**WHAT YOU ARE ASKED TO DO:**
Repeat what the lines below say, word for word, and skip every image.

**DATA SECTION:**
───

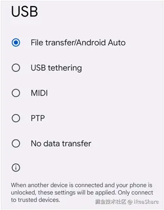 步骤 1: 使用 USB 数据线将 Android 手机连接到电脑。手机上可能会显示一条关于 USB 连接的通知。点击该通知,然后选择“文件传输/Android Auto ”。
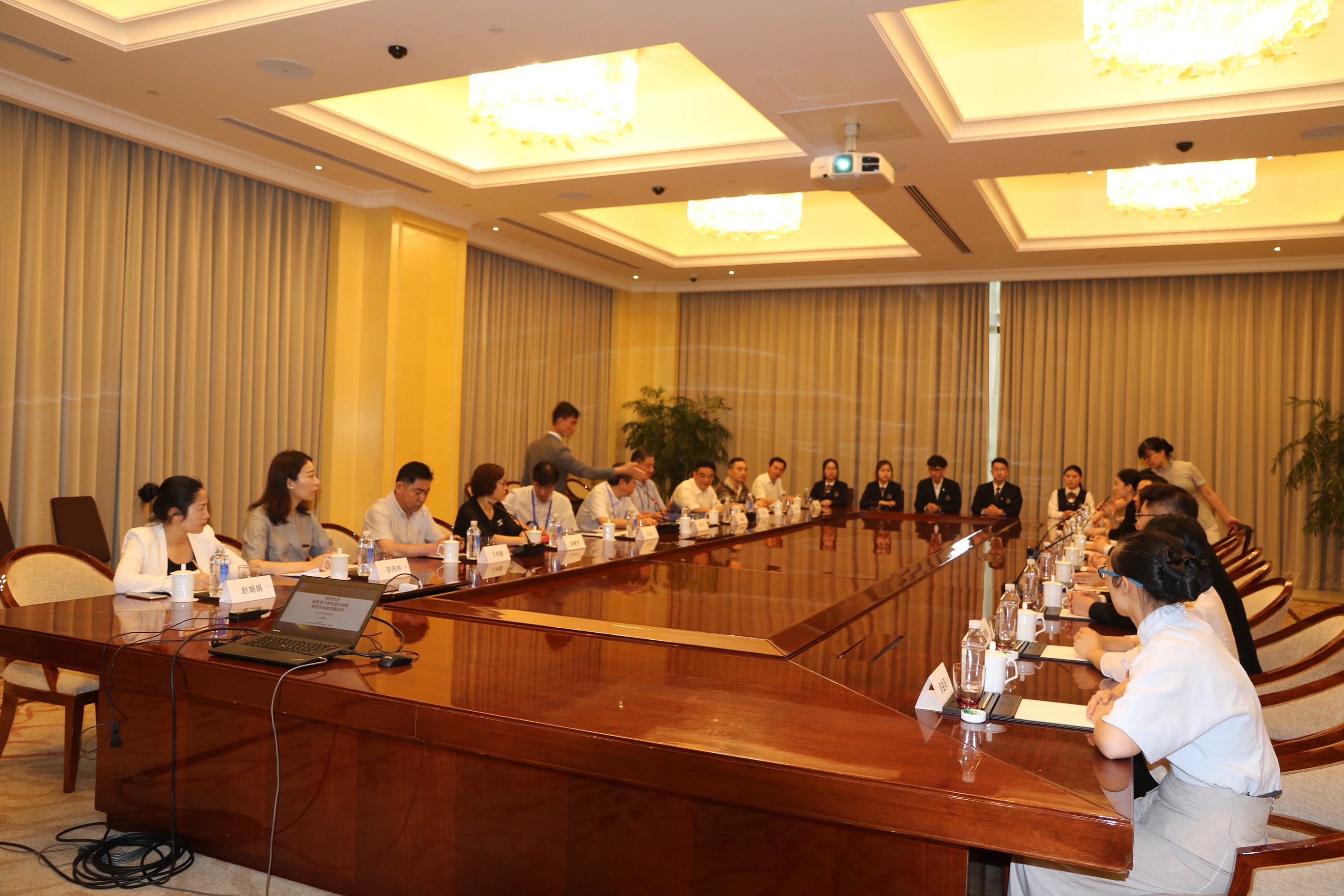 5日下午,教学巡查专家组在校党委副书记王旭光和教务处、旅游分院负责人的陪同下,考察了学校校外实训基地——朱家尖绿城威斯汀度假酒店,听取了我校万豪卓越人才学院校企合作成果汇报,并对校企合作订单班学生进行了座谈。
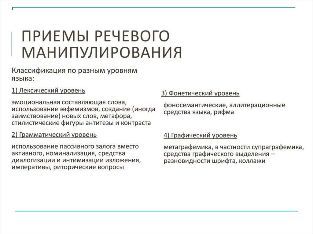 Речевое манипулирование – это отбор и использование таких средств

───

**ANSWER BOX:**
 步骤 1: 使用 USB 数据线将 Android 手机连接到电脑。手机上可能会显示一条关于 USB 连接的通知。点击该通知,然后选择“文件传输/Android Auto ”。
 5日下午,教学巡查专家组在校党委副书记王旭光和教务处、旅游分院负责人的陪同下,考察了学校校外实训基地——朱家尖绿城威斯汀度假酒店,听取了我校万豪卓越人才学院校企合作成果汇报,并对校企合作订单班学生进行了座谈。
 Речевое манипулирование – это отбор и использование таких средств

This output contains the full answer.